Following this, I started my journey as an independent researcher all fired up to do some translation. This is still work in progress and here are a few very important lessons that I have learnt along the way
1) Find a good clinical partner: This is of paramount importance. Unless you have a committed clinical partner who is invested in your ideas and product, the quest to translate your research is bound to fail. This is something that I have learnt the hard way. Also, it is important to recognize that the needs and focus of the clinic(ians) can be quite different from the lab. The best option is to engage with a clinical partner right at the beginning of product development so that the translation is smooth.
2) Hire a good regulatory consultant: Procuring approval for conducting a clinical trial requires a lot of paperwork to be submitted. And it is a lot of time-consuming work which an individual PI cannot manage. The best approach would be to get on board an experienced regulatory consultant who can help with navigating the complex web of regulations (which keep changing so often) and make it manageable. It is important to bear in mind that this can be expensive and it is better to allocate some funds towards the same.

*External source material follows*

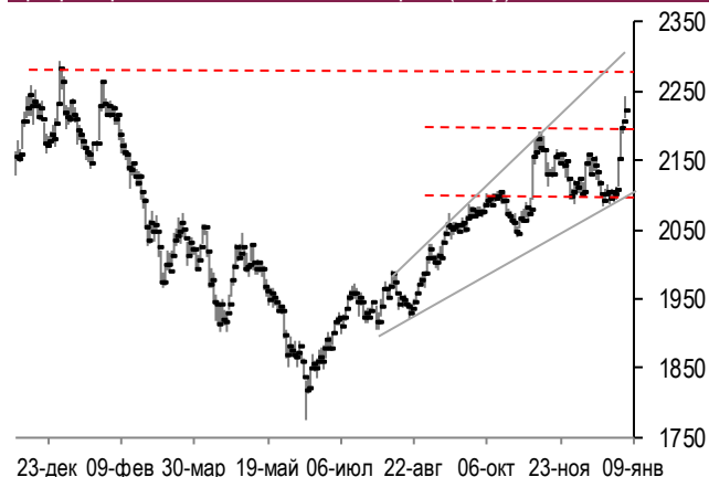
График фондового индекса МосБиржи (daily)

Рынок акций РФ во вторник вырос. Индекс МосБиржи поднялся на 0,81% при оборотах торгов на 2/3 выше среднемесячных, а наибольшее положительное влияние на него вновь, как и в предыдущий торговый день, оказало повышение в цене обыкновенных акций Газпрома (+2,1%) и Лукойла (+1,7%). Сдержало рост индекса МосБиржи снижение акций Магнита (-1,8%), Новатэка (-0,8%) и Polymetal (-2,5%).

3) Intellectual property: This is an important consideration to bear in mind, especially if the product is of commercial value. It again becomes important to hire someone that can help assess the value of the patent, look for available competitive products in the market etc. Many universities have this as a part of their administration and it might be useful to contact them before placing the information in the public domain. And again, filing a patent is a time-consuming and expensive process and therefore, should be given careful consideration.
4) Patience: It is of paramount importance to remember that clinicians in general (exceptions exist, of course) are an impatient lot. Probably the rush of the clinic contributes to this. They always want the product yesterday. I find this the most difficult task to balance but it is certainly something that can be worked out with a few sessions of open conversations.
While the bedside and benchside may seem like they are on parallel paths, connecting the two is not impossible and would greatly benefit society. A lot of patience combined with careful planning will certainly make the whole journey less stressful and more enjoyable.